**Work required**
Using the listing below, set down exactly the lines starting at the line that contains "cortan las rajas" and ending at the line that contains "Cada ursinho vem", both included, and no others.

**Given data**

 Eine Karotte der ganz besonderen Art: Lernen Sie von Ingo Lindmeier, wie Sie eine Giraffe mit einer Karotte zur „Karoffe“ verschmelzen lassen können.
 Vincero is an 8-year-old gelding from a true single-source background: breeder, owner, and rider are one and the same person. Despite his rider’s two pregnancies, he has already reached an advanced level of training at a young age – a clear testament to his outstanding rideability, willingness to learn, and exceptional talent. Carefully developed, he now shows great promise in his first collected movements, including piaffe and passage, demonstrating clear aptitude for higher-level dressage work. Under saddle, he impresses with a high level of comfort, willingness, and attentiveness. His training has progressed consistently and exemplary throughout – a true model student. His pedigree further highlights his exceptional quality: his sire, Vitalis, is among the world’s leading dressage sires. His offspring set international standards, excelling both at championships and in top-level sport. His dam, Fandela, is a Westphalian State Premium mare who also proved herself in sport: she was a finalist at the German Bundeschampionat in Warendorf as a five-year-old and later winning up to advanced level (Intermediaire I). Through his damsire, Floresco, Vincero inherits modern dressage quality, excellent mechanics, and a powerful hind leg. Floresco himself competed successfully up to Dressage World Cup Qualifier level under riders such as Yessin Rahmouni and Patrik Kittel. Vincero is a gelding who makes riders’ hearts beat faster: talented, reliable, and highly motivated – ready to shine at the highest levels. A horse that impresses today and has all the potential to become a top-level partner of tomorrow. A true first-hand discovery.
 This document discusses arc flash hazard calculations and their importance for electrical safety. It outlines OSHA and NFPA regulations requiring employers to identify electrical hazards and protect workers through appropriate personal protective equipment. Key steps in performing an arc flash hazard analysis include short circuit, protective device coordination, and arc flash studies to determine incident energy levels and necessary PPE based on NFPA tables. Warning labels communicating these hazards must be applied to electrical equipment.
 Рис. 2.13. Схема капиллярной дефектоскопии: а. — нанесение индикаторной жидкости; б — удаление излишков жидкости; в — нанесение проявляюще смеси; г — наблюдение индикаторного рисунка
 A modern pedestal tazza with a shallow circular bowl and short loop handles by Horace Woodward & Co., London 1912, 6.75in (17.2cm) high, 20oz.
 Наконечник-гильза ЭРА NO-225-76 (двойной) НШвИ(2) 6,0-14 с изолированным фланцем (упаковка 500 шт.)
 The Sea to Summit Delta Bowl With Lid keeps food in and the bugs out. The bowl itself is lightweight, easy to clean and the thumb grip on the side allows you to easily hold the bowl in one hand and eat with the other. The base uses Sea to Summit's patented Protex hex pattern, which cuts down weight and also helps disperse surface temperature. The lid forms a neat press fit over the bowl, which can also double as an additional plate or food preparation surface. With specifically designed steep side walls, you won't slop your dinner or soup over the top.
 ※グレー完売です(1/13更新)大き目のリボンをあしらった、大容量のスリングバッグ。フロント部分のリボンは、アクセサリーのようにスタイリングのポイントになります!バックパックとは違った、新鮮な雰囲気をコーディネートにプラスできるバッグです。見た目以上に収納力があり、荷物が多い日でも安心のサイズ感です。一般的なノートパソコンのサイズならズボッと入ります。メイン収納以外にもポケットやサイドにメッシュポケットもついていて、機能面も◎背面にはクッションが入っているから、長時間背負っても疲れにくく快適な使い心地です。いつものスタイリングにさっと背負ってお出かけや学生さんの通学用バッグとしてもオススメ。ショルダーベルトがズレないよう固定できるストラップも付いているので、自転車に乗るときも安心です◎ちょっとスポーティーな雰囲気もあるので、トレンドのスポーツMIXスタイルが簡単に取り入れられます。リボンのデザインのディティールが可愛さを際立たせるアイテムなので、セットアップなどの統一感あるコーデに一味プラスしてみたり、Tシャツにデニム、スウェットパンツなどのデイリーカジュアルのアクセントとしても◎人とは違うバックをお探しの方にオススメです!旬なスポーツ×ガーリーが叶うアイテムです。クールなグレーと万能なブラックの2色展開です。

==

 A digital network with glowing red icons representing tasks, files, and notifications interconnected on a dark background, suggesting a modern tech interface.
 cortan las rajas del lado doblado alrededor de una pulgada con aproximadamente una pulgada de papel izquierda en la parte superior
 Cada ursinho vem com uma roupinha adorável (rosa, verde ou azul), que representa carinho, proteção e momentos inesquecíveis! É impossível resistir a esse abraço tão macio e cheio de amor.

**Response to the task**
 cortan las rajas del lado doblado alrededor de una pulgada con aproximadamente una pulgada de papel izquierda en la parte superior
 Cada ursinho vem com uma roupinha adorável (rosa, verde ou azul), que representa carinho, proteção e momentos inesquecíveis! É impossível resistir a esse abraço tão macio e cheio de amor.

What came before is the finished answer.